In the study, CCAP, DOCSIS 3.1, and Distributed Access Strategies and Vendor Leadership: Global Cable Operator Survey, respondent operators say their primary choices for distributed access are R-PHY, R-MACPHY and R-CCAP.
DAA deployment plans. Source: IHS“Cable operators are clearly committed to both DOCSIS 3.1 and distributed access architectures to increase bandwidth in their access networks. Though there is no consensus yet on which distributed access technology most will use, there’s no question they will distribute some portion of the DOCSIS layer to their optical nodes,” said Jeff Heynen, research director for broadband access and pay TV at IHS.
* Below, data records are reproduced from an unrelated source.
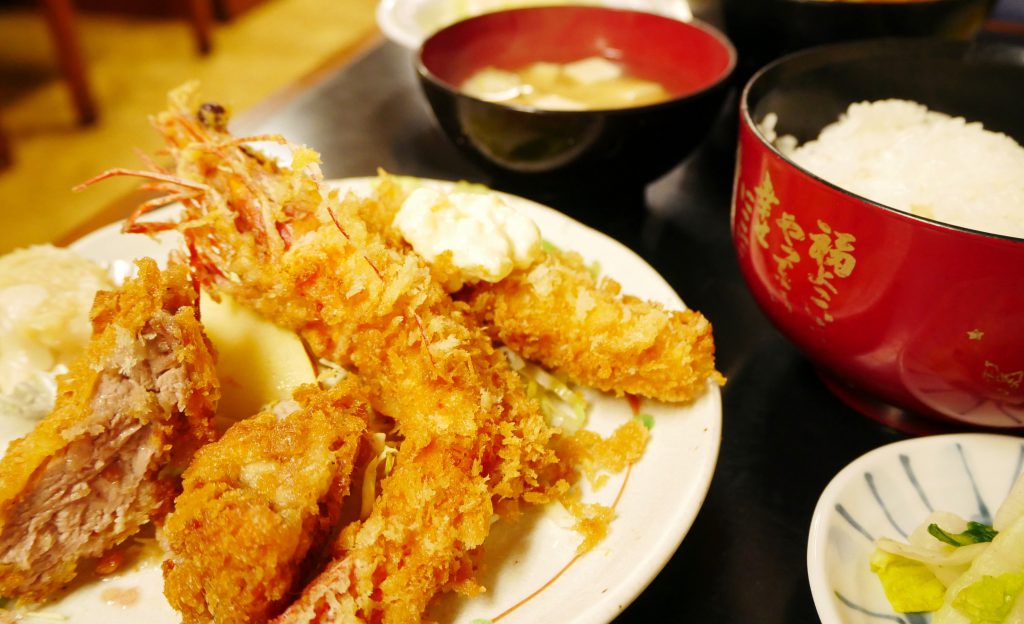 お腹ぺこぺこだったらおすすめなのかこのサービスセット!どーんと大きな有頭海老フライに、ヒレカツ、白身魚のフライ、自家製しゅうまいが一度に味わえます。
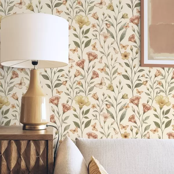 Papel pintado Delicadas flores de melocotonero y mariposas sobre un cálido fondo color crema a01026
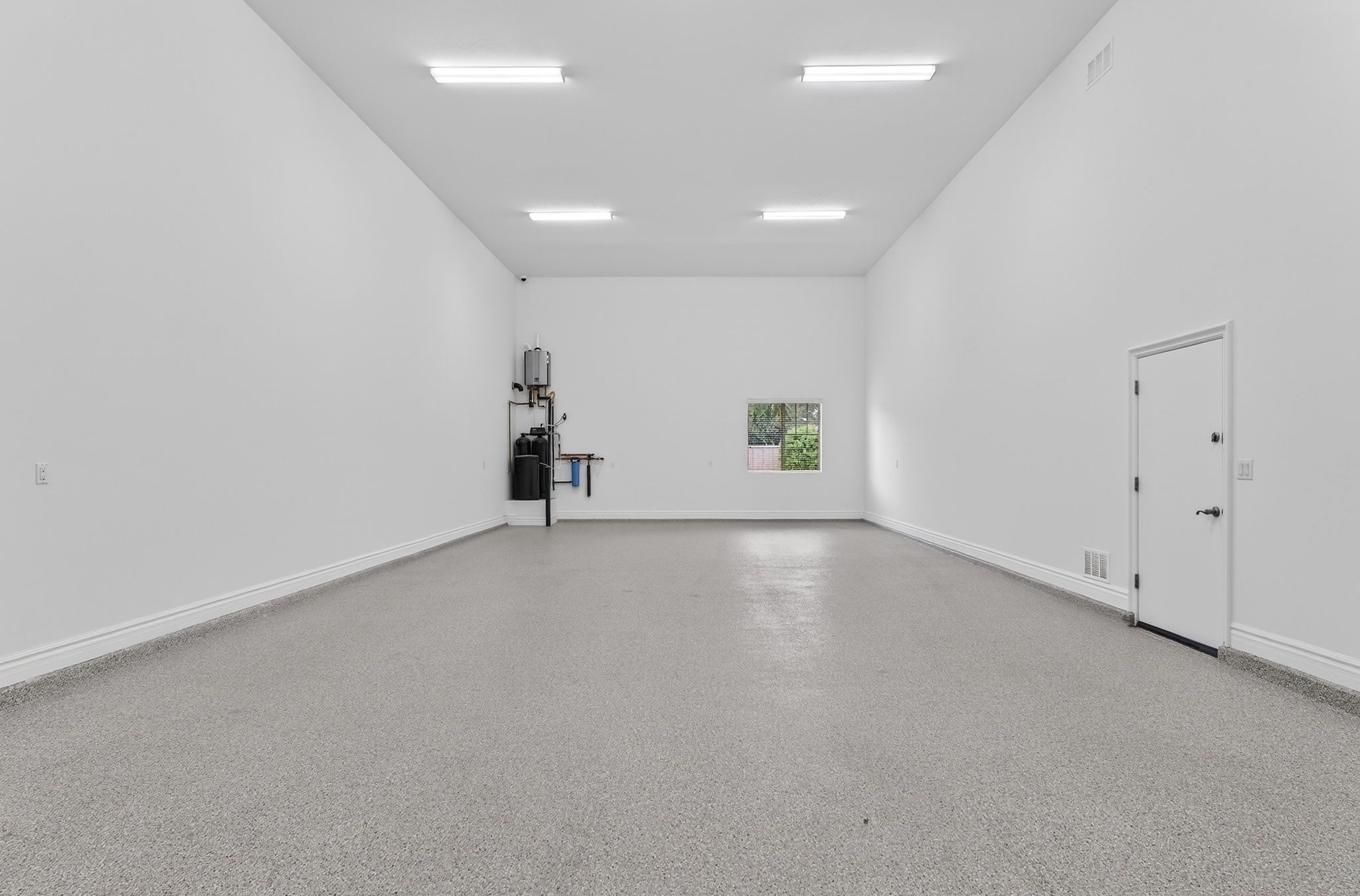 Beyond its beautiful design, the home offers an impressive list of functional upgrades including a woodworking shop with extensive electrical capacity, dust collection system, and compressed air lines. The insulated garage features its own HVAC system, and the property includes an RV garage with tankless water heater with recirculation, reverse osmosis system, water softener, smart pool controls, drip irrigation, and keyless exterior entry - all thoughtfully selected when the home was designed as a forever home.
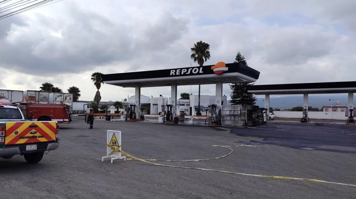Alrededor de las 9:30 horas, un camión tipo torton volcó mientras realizaba maniobras de descarga en una estación de servicio Repsol, ubicada a un costado de la carretera Panamericana, tramo Celaya-Salamanca. El vehículo derramó combustible, por lo que la zona fue evacuada y acordonada por elementos de Protección Civil y Bomberos.
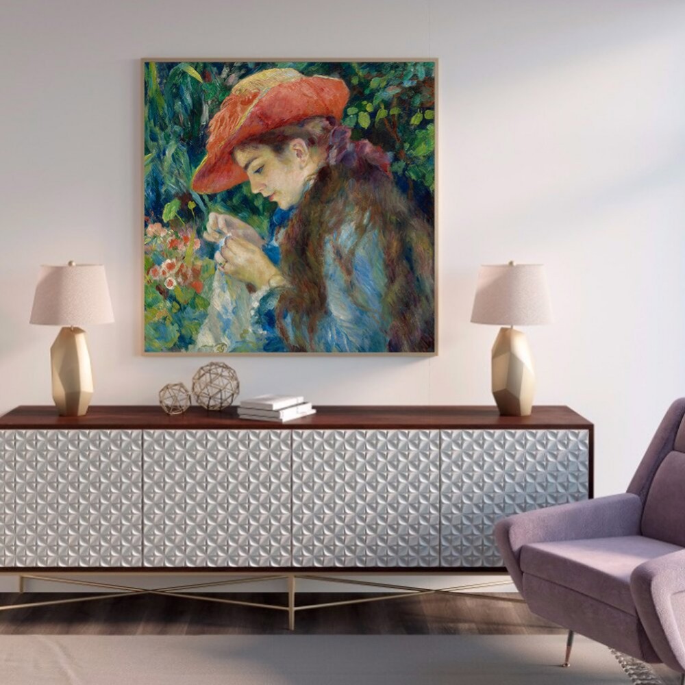 DIY Color Sewing Woman Renoir Oil Painting Kit Full Drill Round Diamond Picture Mosaic Resin Drawing for Wall Decor
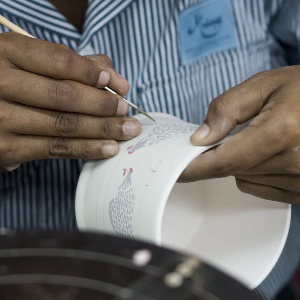 Yes, we work with a remarkable ceramics factory in Sri Lanka that has created our hand-painted pottery almost from the beginning. We also work with a textile studio in southern India, where our cushions and hand-embroidered fabrics are made, and cabinetmakers in northern India who craft our furniture. I travel out there at least three times a year and have developed a close relationship with the owners over the years. Many of our artisans sign their work where possible, which is a lovely way to create a connection between maker and customer.
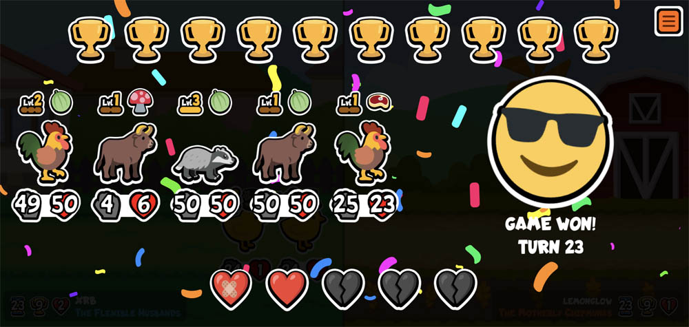 | 08 Jun 2023 | 1 | 3 | 3 | Friend ahead faints: Gain Melon perk and +1 attack. | Friend ahead faints: Gain Melon perk and +2 attack. | Friend ahead faints: Gain Melon perk and +3 attack. |
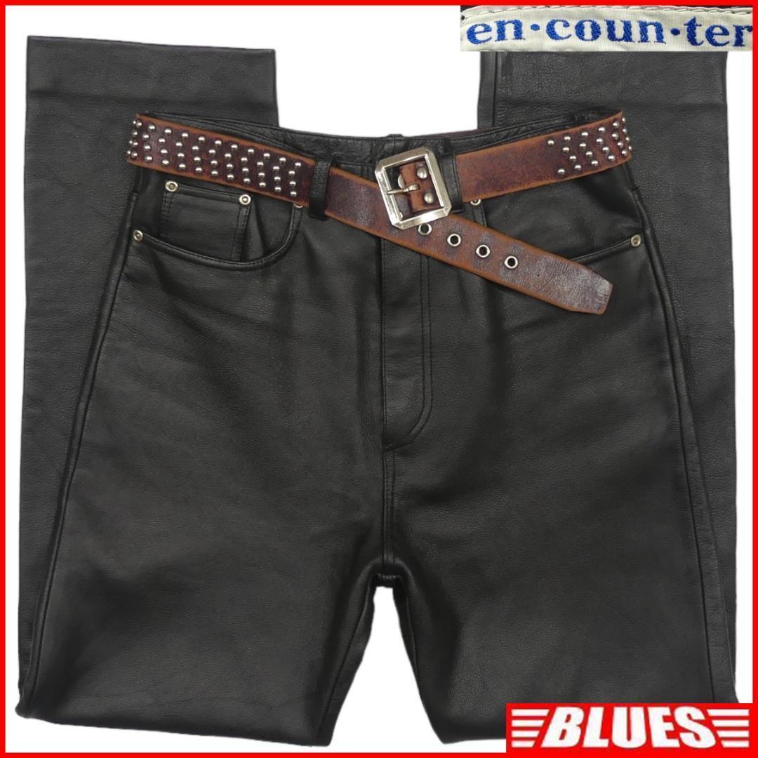 > 即決★en・coun・ter★XL レザーパンツ エンカウンター メンズ LL 黒 本革 ライダースパンツ 本皮 パンクロック ライディング ツーリング
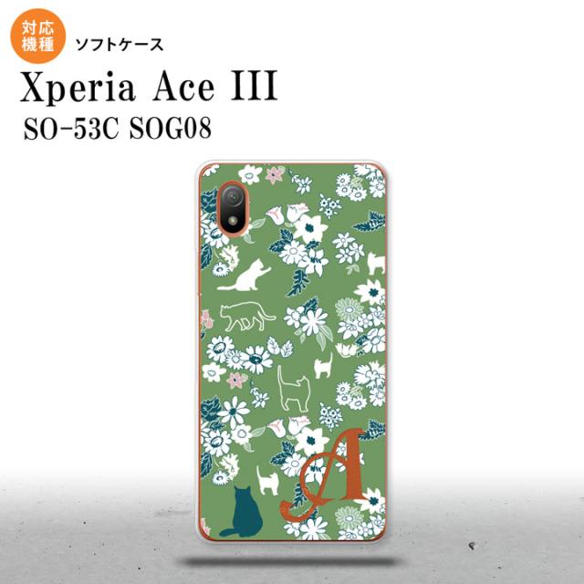 SO-53C SOG08 ワイモバイル Xperia Ace III スマホケース 背面ケースソフトケース 猫 花 緑 +アルファベット 2022年 6月発売 nk-so53c-tp1724i
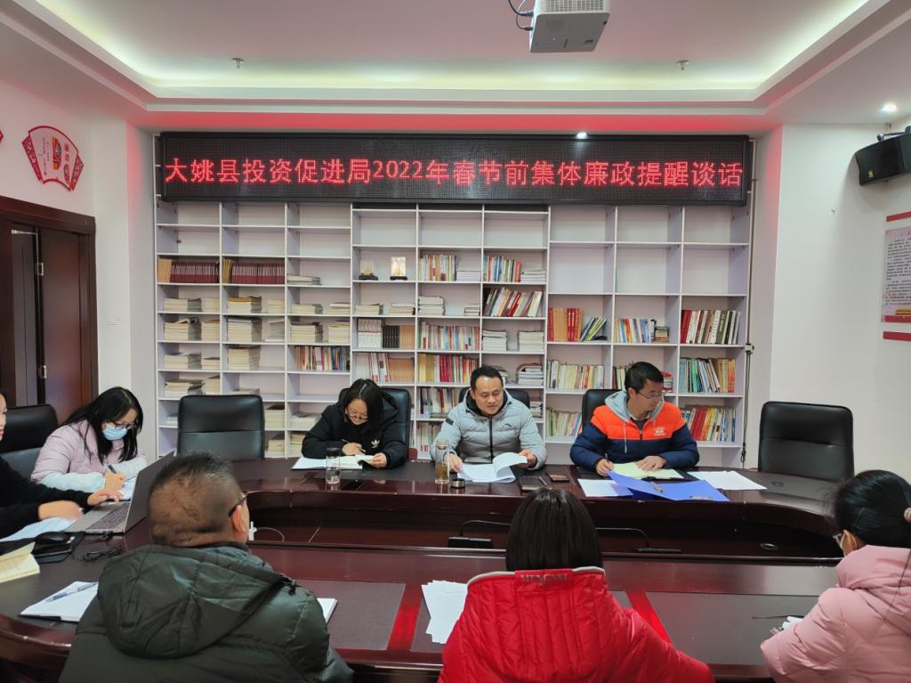 为切实履行全面从严治党主体责任,认真贯彻落实县委、县人民政府近期工作部署安排。1月28日下午,县投资促进局组织召开2022年春节纪律作风建设暨廉政提醒谈话会议,会议由局党组书记、局长普文平主持。
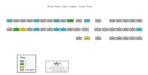 PDF of Morne Patate Estate House and Dependencies site plan with excavated units labeled, compiled by DAACS using maps provided by Mark Hauser, Principal Investigator.
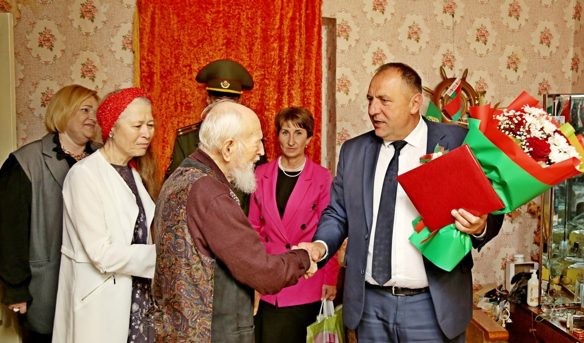 ✨Поздравления для ветерана. 🇧🇾В преддверии Дня Независимости Республики Беларусь звучали поздравления для ветерана Великой Отечественной войны Ивана Павловича Ковязина. К нему приехали председатель районного исполнительного комитета Сергей Бартош, военный комиссар Шкловского района Александр Осипенко, а также представители бумажной фабрики «Спартак», управления по труду, занятости и социальной защите райисполкома, районного центра социального обслуживания населения. «Наш главный праздник – День Независимости Республики Беларусь - стал возможен благодаря вам, ветеранам, благодаря тому, что вы победили, отстояли нашу страну в Великой Отечественной войне, а затем восстанавливали ее в послевоенные годы», – отметил Сергей Иванович.

- The operational benefits cable operators are reaping from moving from CMTS to CCAP are just the first step in a long-term transition to distributing data processing capabilities throughout the network
- Survey respondents, on average, say that about a third of their residential subscribers will be passed by DOCSIS 3.1-enabled headends by April 2017
- By 2017, nearly half of respondents will have return path (upstream) frequencies of 86–100MHz, while a quarter will have 101–200MHz of return path spectrum
The 29-page IHS Infonetics study, led by IHS analyst Jeff Heynen, focuses on DOCSIS 3.1, converged cable access platforms (CCAPs) and distributed access architectures, and how and when cable operators will deploy these technologies and architectures to improve their broadband and IP service offerings over the next 2 years. The study includes operator ratings of CCAP and distributed access equipment suppliers (Arris, Casa Systems, Cisco, Gainspeed, Harmonic, Huawei and Pace/Aurora) on nine criteria.